A: There are many methods of estimating body fat. The following is a summary of the most common ones.

DEXA (Dual Energy X-ray Absorptiometry)
Today, this method is considered a gold standard because of its reliability, precision, and the fact that it is based on three body components (fat, muscle, bone) rather than two (fat and muscle) as in most other methods including hydrostatic weighing. It allows fat distribution throughout the entire body to be read in a single scan. The equipment used is very expensive and a person must lie perfectly still for 10-20 minutes while the scan is taken. DEXA is found mainly in research facilities.

Hydrostatic Weighing

Done correctly, this method is also quite accurate and considered a gold standard. However, the test is somewhat subjective because it relies upon the subject’s ability to expel all oxygen from their lungs while submerged in a tank of water. Oxygen remaining in the lungs will skew the results. In clinical settings, this procedure is repeated a number of times, and an average is taken. The “tank” is expensive and the inconvenience to the user is considerable. Because of the cost, lengthy testing process, and physical burden to the subject, this method is more suitable for research studies.

Conventional BIA

Bioelectrical impedance analysis uses a very small electrical signal to measure body impedance. The signal is conducted through the water contained in the body. Lean muscle has much more water than fat tissue and allows the signal to pass easily. Fat causes impedance or resistance to the signal. Conventional Bioelectrical Impedance Analysis methods are accurate, though not as convenient as the Tanita BIA method, and may be somewhat subjective based on the placement of electrodes. The user must be in a horizontal position while electrodes and conductive jelly are placed on a wrist and ankle. This procedure is usually performed in a physician’s office or clinic. Most conventional BIA manufacturers use hydrostatic weighing as the reference method.

Tanita BIA
Tanita’s leg-to-leg version of BIA produces very accurate results that are highly correlated with both DEXA (Tanita’s reference method) and hydrostatic weighing. Measurements are very repeatable when tests are performed under consistent conditions. The equipment is not expensive, making Tanita a professionally-accepted method that can be adapted easily for home use. There is no physical imposition to the user; no need for a trained technician to operate the equipment; and the entire procedure takes less than one minute.

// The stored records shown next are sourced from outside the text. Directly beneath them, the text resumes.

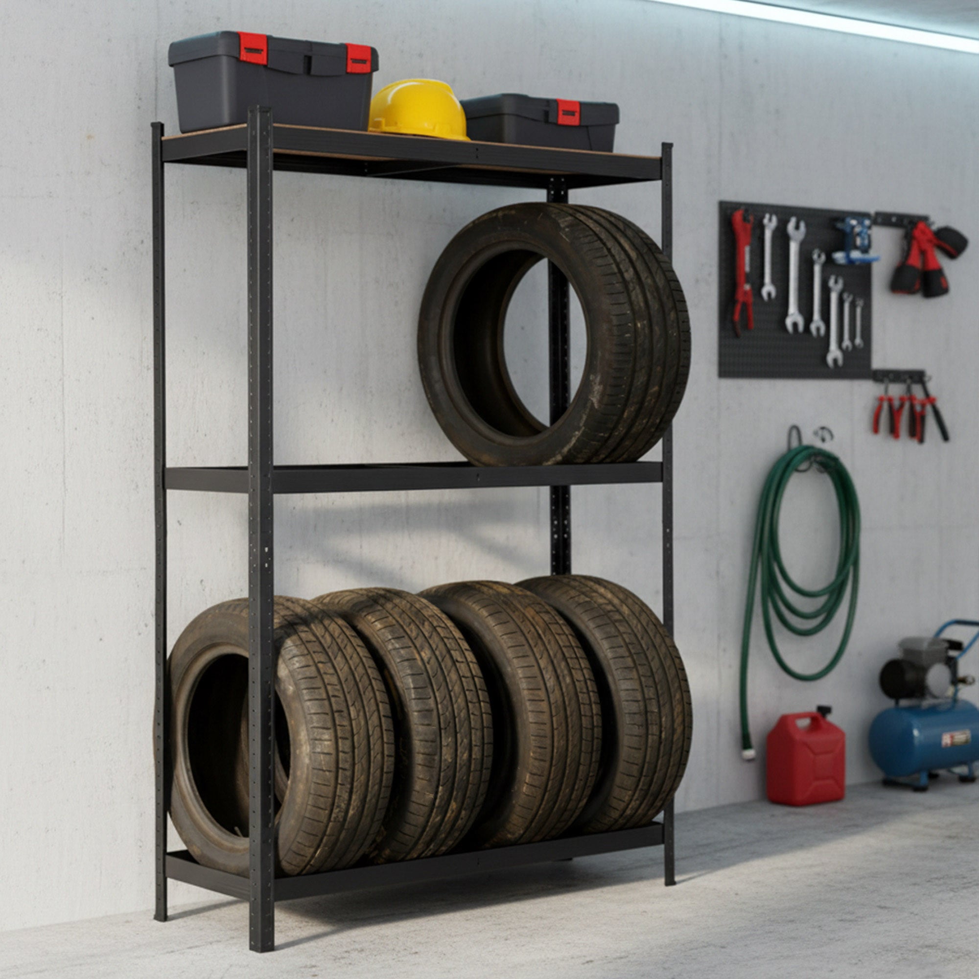Metalowy regał garażowy na opony to solidna konstrukcja wykonana z wytrzymałej stali, zapewniająca stabilne i bezpieczne przechowywanie opon sezonowych. Pomaga utrzymać porządek w garażu oraz efektywnie wykorzystać dostępną przestrzeń. Model dostępny jest w kolorze czarnym oraz srebrnym, dzięki czemu łatwo dopasować go do każdego wnętrza.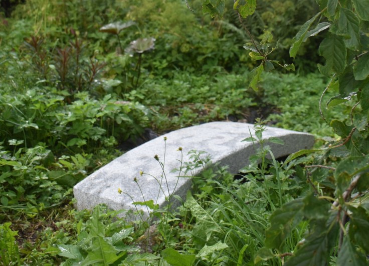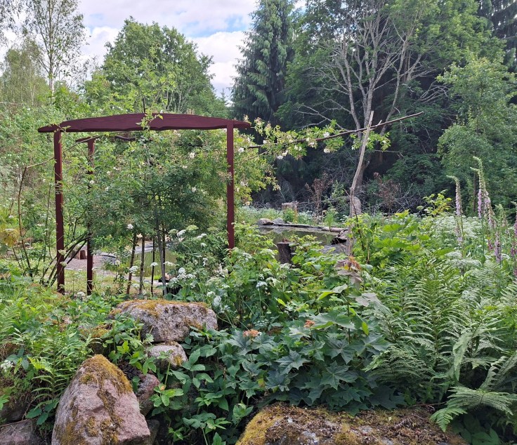 4/8-2025 En hemlig passage långt ner i trädgården, Parkträdgården via Asiendalen och Odlingsträdgården förbinds nu med en stenbro. Enkelheten i designen passar bra och smälter fint in i det gröna. Förvisso mest ogräs men i bakgrunden skymtar Kärrtörel Euphorbia palustris och Klippstånds Ligularia dentata som får vara lite pionjärer och bana mark för mer växter så småningom.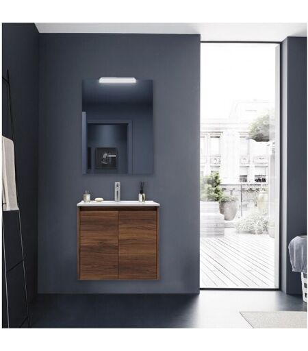 Caesaroo - Meuble de salle de bain suspendu 60 cm en bois de noyer maya avec deux portes et lavabo - Nova - 60 cm Avec miroir et lampe led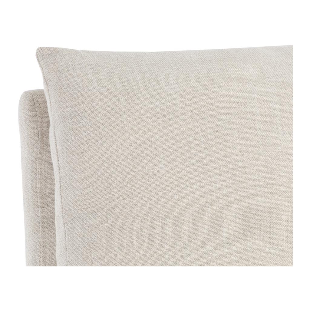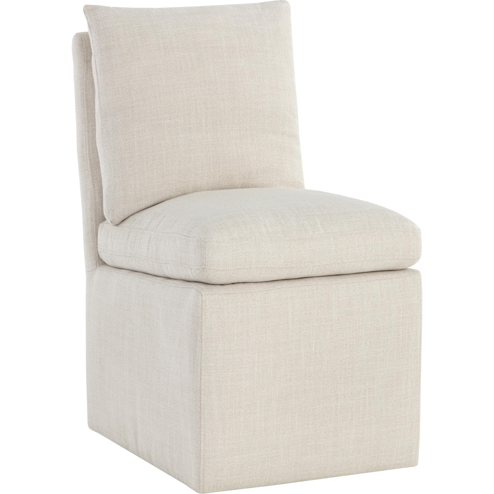 A formal and comfortable wheeled dining chair that is full of classic appeal. Stocked in effie linen fabric. As this piece features feather-filled cushions, occasional rotation and fluffing is required to maintain its lasting comfort and beauty. Visit our Product Care page for more information.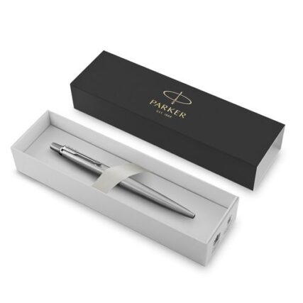 Stylo bille Parker ‘Jotter’ en acier inoxydable dans une boîte cadeau, mine bleue.
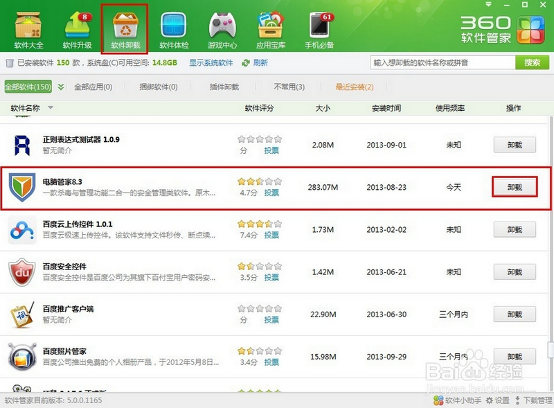 弹出如下对话框,选择“软件卸载”,然后找到QQ电脑管家,点击后面的卸载。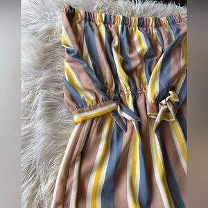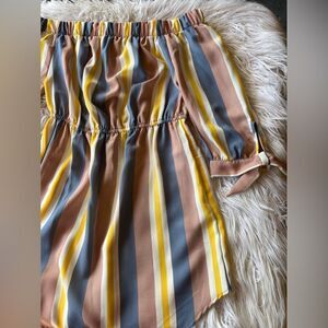 BLUSH off the shoulder dress Striped Medium 9”inseam 18” p2p 30” hem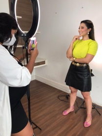 Além de maquiadora, Mayara também é modelo plus size. Fator que foi preponderante para criar o projeto “Luz, câmera, produção”. “Com a pandemia, a gente teve de criar novas ideias. Então, resolvi reutilizar o espaço que já tinha aqui para ofertar mais esse serviço às clientes. E a gente acaba aproveitando a experiência que temos como modelo e ofertando um trabalho bem diferenciado a elas”, diz Mayara.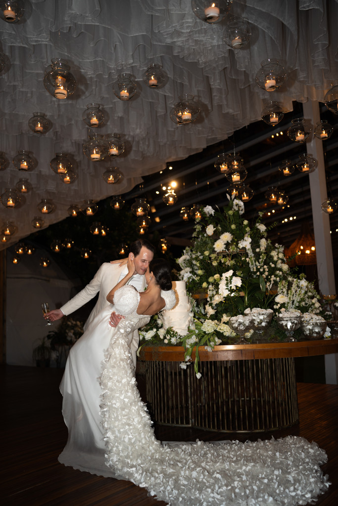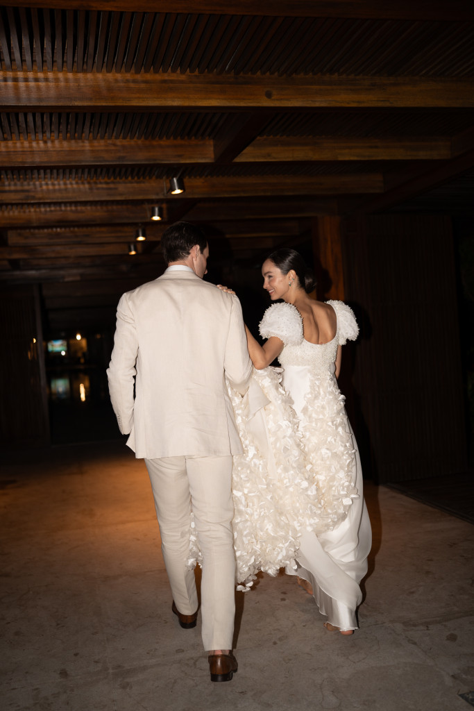 Para o vestido de noiva, Luma se inspirou em uma peça branca usada por Audrey Hepburn no longa “War and Peace”. A peça foi produzida na Itália, pelo Atelier Emé, assim como os vestidos das madrinhas. ‘’Eu sempre tive uma grande obsessão com a Audrey, ela me inspirou em vários momentos da minha vida. Quando eu assisti esse filme, eu sabia que aquele vestido seria o desenho exato do meu quando eu fosse me casar’’, conta Luma.

Skinfold measurements taken by calipers are easy to do, inexpensive, and the method is portable. However, results can be very subjective depending on the skill of the technician and the site(s) measured. The quality of the calipers is also a factor. Inexpensive models sold for home use are usually less accurate than those used by an accredited technician. Additionally, the more obese the subject, the more difficult to “pinch” the skin correctly. Many people find calipers to be uncomfortable and invasive.

(Near Infra-Red) A fiber optic probe measures tissue composition at various sites on the body. This method has become popular because it is simple, fast, non-invasive, and the equipment is relatively inexpensive. However, studies have produced mixed results, and a high degree of error has occurred with very lean and very obese people. Numerous sources report that more research is needed to substantiate this method.